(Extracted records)
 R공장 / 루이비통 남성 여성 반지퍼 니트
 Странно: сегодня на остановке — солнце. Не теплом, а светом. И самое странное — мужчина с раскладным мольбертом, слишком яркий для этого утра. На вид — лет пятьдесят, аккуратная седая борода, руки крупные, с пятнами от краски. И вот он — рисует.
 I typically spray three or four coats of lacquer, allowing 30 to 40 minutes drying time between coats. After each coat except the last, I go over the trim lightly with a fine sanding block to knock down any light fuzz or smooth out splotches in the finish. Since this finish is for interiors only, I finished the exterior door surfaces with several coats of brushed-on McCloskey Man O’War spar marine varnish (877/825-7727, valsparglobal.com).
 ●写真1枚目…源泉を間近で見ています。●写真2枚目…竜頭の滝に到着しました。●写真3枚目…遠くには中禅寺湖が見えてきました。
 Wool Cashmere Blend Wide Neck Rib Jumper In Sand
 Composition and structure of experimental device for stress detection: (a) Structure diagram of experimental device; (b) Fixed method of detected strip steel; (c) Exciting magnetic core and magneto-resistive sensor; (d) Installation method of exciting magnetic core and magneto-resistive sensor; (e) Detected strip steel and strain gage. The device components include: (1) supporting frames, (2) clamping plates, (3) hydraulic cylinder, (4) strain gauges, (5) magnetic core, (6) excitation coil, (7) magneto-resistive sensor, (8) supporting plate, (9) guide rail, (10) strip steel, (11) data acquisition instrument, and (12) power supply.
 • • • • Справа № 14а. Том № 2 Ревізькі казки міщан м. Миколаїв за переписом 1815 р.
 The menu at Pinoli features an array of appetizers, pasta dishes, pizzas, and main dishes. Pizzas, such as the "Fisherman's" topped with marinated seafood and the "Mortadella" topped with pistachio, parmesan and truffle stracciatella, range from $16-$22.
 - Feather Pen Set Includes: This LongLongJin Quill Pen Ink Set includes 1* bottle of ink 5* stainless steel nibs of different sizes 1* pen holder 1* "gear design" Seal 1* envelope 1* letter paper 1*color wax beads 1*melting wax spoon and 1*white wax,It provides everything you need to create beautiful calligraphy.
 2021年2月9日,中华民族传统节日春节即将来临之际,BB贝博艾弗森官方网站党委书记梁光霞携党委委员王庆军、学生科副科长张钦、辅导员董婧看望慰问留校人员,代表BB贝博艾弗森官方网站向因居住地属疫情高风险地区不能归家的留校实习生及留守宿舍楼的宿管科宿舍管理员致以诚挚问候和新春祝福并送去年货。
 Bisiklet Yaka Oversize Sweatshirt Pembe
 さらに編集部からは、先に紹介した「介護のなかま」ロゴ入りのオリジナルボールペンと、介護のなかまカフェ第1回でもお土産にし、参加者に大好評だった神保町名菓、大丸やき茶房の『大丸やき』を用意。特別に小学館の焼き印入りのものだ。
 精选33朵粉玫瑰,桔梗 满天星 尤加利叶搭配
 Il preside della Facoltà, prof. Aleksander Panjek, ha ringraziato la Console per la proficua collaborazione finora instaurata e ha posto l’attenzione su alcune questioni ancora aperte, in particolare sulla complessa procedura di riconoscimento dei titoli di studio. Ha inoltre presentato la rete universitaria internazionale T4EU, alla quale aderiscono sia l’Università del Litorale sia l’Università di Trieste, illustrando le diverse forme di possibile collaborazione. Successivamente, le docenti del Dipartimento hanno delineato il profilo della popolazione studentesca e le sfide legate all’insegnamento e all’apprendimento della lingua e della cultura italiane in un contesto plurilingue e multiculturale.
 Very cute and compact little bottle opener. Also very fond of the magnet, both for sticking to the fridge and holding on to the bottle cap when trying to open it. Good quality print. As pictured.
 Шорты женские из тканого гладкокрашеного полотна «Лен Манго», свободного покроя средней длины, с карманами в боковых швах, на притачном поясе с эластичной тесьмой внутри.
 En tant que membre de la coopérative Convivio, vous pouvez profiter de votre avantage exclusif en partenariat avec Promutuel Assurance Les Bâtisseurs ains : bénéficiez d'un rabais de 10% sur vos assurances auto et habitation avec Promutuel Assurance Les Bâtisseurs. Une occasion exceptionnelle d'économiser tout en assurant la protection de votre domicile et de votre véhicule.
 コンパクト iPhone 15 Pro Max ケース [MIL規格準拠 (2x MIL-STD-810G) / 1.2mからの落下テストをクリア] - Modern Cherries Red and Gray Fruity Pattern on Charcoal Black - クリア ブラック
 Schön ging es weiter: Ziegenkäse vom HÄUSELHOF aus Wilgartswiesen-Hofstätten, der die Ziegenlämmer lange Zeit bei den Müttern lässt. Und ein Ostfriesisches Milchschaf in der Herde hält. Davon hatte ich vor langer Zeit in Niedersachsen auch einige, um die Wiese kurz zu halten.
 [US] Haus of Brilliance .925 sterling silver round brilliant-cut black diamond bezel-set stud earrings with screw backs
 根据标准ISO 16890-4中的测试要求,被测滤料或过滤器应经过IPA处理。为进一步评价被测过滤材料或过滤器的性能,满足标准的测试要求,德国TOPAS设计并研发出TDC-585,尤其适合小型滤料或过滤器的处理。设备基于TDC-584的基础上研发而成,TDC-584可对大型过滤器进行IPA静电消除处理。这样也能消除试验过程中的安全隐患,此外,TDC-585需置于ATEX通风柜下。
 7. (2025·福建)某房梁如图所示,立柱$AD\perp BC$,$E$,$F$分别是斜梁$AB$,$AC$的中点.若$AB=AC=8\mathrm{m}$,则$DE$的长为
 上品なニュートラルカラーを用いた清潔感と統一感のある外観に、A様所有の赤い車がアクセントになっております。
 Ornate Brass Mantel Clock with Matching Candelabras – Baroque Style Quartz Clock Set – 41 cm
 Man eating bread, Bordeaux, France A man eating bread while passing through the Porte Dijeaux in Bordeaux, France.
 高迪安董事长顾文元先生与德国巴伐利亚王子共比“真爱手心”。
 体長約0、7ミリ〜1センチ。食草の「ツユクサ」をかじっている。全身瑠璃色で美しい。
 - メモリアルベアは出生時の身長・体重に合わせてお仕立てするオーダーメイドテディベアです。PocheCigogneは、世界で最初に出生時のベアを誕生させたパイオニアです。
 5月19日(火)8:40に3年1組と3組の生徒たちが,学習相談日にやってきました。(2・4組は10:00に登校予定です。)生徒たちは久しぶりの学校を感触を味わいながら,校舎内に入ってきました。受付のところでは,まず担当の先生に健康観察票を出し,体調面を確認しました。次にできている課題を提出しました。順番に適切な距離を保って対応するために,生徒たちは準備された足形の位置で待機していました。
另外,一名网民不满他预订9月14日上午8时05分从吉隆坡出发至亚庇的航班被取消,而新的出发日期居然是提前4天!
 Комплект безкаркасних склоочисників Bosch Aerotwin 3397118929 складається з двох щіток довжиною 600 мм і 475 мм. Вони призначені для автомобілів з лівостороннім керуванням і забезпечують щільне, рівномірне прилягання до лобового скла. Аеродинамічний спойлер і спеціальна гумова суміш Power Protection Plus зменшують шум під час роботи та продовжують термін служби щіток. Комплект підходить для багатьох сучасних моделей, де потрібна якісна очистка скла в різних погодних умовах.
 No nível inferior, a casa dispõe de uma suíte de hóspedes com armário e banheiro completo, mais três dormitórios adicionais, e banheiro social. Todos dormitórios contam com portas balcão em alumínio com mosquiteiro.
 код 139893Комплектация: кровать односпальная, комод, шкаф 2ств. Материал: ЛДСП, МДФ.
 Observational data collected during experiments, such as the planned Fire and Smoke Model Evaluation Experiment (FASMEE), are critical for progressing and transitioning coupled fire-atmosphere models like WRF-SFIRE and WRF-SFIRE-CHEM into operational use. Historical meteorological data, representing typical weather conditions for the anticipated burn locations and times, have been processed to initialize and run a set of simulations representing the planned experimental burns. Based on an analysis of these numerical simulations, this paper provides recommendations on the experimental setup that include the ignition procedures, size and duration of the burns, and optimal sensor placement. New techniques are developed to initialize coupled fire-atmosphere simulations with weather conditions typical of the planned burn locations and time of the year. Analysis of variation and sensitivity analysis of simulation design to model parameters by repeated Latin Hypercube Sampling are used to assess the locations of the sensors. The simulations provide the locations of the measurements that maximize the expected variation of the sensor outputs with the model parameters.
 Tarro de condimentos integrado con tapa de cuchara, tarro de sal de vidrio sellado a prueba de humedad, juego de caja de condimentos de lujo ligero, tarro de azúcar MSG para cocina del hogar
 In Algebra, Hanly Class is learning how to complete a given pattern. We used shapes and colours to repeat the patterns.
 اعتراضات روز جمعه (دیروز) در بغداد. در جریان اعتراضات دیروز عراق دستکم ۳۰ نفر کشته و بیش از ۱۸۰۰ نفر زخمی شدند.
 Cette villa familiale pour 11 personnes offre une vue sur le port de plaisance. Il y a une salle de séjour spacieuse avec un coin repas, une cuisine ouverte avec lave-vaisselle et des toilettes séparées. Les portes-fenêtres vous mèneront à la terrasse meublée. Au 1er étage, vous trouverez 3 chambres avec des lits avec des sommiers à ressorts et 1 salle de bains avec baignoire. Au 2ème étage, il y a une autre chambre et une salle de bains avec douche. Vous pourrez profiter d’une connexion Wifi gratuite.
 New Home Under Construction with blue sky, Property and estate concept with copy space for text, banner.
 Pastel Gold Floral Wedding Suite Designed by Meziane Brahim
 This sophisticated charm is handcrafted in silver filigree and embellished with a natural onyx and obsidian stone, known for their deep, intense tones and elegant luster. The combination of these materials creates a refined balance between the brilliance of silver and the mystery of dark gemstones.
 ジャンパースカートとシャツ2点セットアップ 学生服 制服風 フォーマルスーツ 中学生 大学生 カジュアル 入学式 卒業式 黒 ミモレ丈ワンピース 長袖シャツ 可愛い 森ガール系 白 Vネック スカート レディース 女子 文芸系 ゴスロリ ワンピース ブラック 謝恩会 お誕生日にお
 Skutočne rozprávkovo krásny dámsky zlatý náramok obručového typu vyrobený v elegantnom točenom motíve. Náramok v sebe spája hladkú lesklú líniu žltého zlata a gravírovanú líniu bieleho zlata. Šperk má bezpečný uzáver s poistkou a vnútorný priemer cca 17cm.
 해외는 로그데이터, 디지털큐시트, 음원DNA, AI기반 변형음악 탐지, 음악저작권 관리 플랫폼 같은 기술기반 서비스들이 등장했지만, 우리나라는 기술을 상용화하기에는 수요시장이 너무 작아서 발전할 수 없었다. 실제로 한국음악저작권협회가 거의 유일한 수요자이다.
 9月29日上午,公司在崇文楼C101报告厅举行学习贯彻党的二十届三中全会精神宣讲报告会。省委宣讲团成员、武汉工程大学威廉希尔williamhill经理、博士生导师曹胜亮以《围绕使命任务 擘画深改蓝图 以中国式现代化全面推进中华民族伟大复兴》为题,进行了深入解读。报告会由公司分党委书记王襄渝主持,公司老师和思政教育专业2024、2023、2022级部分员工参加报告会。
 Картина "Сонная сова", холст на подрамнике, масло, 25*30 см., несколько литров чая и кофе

Problem
All that belongs in the answer is the run of lines above from the line containing "Странно: сегодня на" through the line containing "Wool Cashmere Blend", exactly as written.

Answer to this task
 Странно: сегодня на остановке — солнце. Не теплом, а светом. И самое странное — мужчина с раскладным мольбертом, слишком яркий для этого утра. На вид — лет пятьдесят, аккуратная седая борода, руки крупные, с пятнами от краски. И вот он — рисует.
 I typically spray three or four coats of lacquer, allowing 30 to 40 minutes drying time between coats. After each coat except the last, I go over the trim lightly with a fine sanding block to knock down any light fuzz or smooth out splotches in the finish. Since this finish is for interiors only, I finished the exterior door surfaces with several coats of brushed-on McCloskey Man O’War spar marine varnish (877/825-7727, valsparglobal.com).
 ●写真1枚目…源泉を間近で見ています。●写真2枚目…竜頭の滝に到着しました。●写真3枚目…遠くには中禅寺湖が見えてきました。
 Wool Cashmere Blend Wide Neck Rib Jumper In Sand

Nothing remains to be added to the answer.